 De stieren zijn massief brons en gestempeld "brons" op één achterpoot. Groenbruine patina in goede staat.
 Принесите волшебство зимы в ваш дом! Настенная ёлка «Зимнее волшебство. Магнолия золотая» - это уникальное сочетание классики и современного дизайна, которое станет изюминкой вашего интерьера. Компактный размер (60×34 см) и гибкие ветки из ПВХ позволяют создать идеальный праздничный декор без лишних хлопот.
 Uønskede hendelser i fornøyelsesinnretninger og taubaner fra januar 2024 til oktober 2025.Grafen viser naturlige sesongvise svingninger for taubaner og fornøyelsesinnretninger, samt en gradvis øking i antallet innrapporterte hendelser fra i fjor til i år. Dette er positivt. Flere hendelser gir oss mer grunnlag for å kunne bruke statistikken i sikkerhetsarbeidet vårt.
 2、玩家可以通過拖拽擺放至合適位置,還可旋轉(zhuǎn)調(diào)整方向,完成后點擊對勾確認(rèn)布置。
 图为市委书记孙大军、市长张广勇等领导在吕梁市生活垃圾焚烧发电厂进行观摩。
...
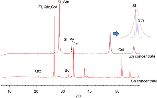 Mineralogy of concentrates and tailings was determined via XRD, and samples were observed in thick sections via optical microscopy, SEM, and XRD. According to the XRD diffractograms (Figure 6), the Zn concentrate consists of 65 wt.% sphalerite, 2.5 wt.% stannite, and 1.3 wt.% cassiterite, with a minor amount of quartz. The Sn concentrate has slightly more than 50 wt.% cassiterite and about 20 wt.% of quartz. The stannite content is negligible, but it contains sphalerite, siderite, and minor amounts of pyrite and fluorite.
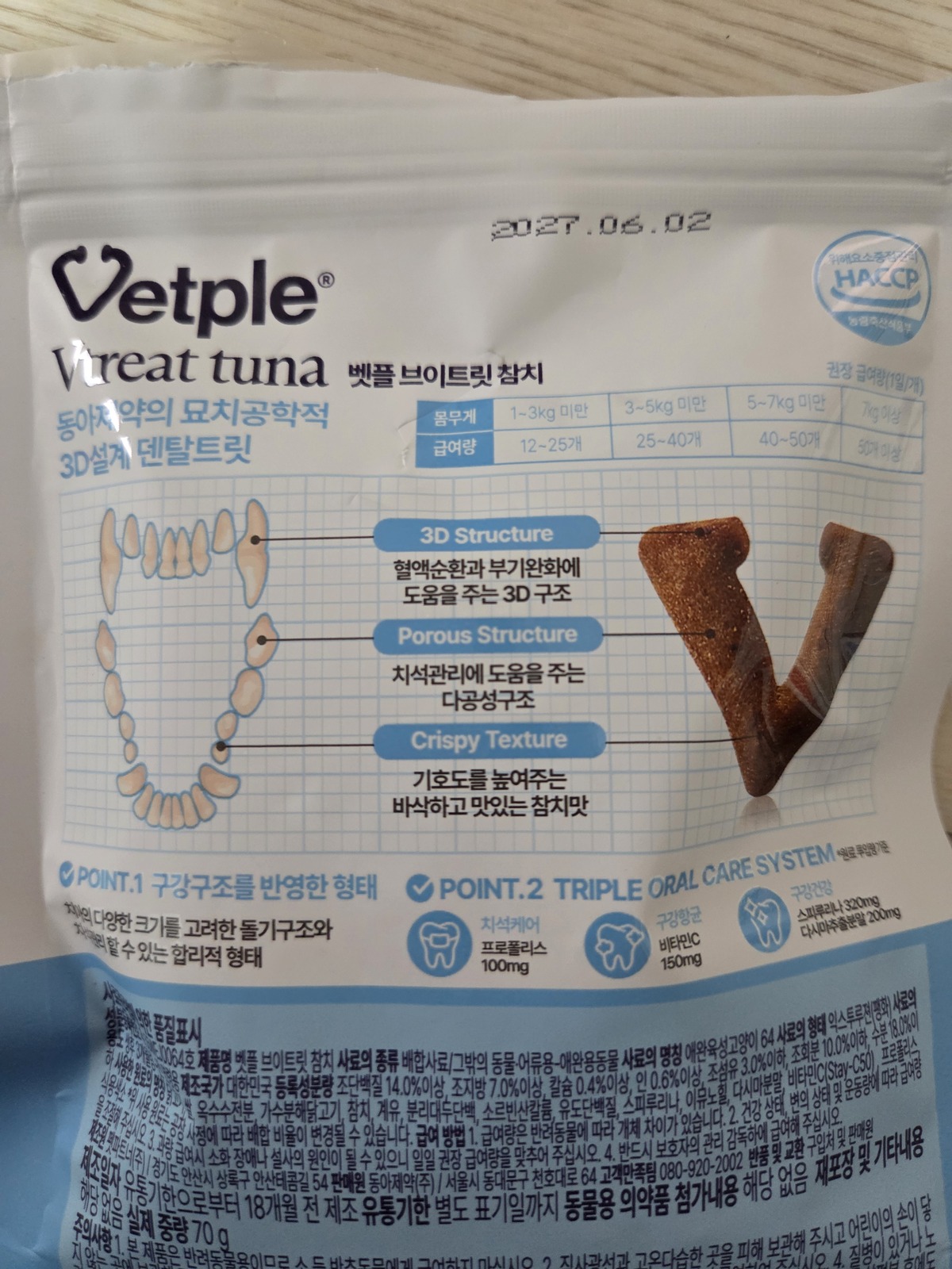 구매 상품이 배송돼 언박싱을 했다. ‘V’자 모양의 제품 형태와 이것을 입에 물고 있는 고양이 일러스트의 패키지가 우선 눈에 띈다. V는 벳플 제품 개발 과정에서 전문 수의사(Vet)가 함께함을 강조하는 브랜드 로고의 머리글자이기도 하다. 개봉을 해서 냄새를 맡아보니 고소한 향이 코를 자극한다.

▸ **What you need to do**
Pictures aside, return exactly the lines from the data above, starting at the line that has "Mineralogy of concentrates" and ending at the line that has "구매 상품이 배송돼 언박싱을", both included.

▸ **Result below**
 Mineralogy of concentrates and tailings was determined via XRD, and samples were observed in thick sections via optical microscopy, SEM, and XRD. According to the XRD diffractograms (Figure 6), the Zn concentrate consists of 65 wt.% sphalerite, 2.5 wt.% stannite, and 1.3 wt.% cassiterite, with a minor amount of quartz. The Sn concentrate has slightly more than 50 wt.% cassiterite and about 20 wt.% of quartz. The stannite content is negligible, but it contains sphalerite, siderite, and minor amounts of pyrite and fluorite.
 구매 상품이 배송돼 언박싱을 했다. ‘V’자 모양의 제품 형태와 이것을 입에 물고 있는 고양이 일러스트의 패키지가 우선 눈에 띈다. V는 벳플 제품 개발 과정에서 전문 수의사(Vet)가 함께함을 강조하는 브랜드 로고의 머리글자이기도 하다. 개봉을 해서 냄새를 맡아보니 고소한 향이 코를 자극한다.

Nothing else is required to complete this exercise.